* EXCERPTED DATA:

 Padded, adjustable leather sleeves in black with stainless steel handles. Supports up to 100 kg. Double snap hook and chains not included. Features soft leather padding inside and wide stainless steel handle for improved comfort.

...

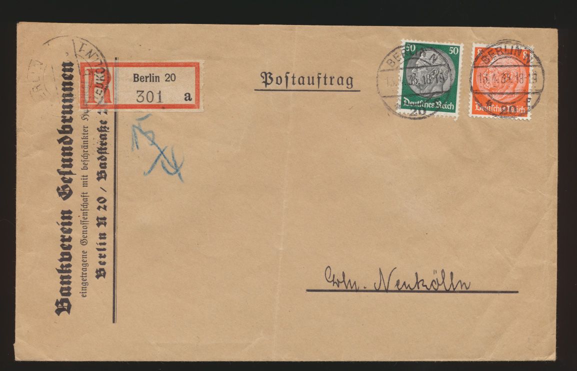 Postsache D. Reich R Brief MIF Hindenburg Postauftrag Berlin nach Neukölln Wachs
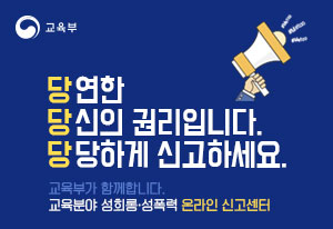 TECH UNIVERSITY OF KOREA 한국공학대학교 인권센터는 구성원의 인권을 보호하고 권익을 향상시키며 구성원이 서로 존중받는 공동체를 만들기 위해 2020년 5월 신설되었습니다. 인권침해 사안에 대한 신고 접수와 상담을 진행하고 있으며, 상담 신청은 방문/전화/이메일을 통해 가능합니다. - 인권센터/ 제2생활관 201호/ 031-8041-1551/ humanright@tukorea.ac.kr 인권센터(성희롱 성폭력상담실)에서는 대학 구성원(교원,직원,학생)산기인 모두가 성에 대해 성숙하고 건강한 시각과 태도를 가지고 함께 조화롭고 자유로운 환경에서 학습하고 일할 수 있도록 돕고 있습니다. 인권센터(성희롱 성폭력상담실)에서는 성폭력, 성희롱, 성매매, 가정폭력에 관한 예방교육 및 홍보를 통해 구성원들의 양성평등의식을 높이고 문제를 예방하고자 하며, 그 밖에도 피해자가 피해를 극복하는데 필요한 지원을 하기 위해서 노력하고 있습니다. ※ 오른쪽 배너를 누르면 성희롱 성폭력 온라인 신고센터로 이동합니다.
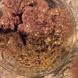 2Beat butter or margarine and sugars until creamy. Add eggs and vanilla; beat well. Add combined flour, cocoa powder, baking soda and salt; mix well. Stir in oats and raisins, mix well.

* THE TASK:
After locating the line containing "Postsache D. Reich" in the entries above, return it and every line after it exactly, ending at the line containing "2Beat butter or", without pictures.

* SOLUTION FOR THIS PROBLEM:
 Postsache D. Reich R Brief MIF Hindenburg Postauftrag Berlin nach Neukölln Wachs
 TECH UNIVERSITY OF KOREA 한국공학대학교 인권센터는 구성원의 인권을 보호하고 권익을 향상시키며 구성원이 서로 존중받는 공동체를 만들기 위해 2020년 5월 신설되었습니다. 인권침해 사안에 대한 신고 접수와 상담을 진행하고 있으며, 상담 신청은 방문/전화/이메일을 통해 가능합니다. - 인권센터/ 제2생활관 201호/ 031-8041-1551/ humanright@tukorea.ac.kr 인권센터(성희롱 성폭력상담실)에서는 대학 구성원(교원,직원,학생)산기인 모두가 성에 대해 성숙하고 건강한 시각과 태도를 가지고 함께 조화롭고 자유로운 환경에서 학습하고 일할 수 있도록 돕고 있습니다. 인권센터(성희롱 성폭력상담실)에서는 성폭력, 성희롱, 성매매, 가정폭력에 관한 예방교육 및 홍보를 통해 구성원들의 양성평등의식을 높이고 문제를 예방하고자 하며, 그 밖에도 피해자가 피해를 극복하는데 필요한 지원을 하기 위해서 노력하고 있습니다. ※ 오른쪽 배너를 누르면 성희롱 성폭력 온라인 신고센터로 이동합니다.
 2Beat butter or margarine and sugars until creamy. Add eggs and vanilla; beat well. Add combined flour, cocoa powder, baking soda and salt; mix well. Stir in oats and raisins, mix well.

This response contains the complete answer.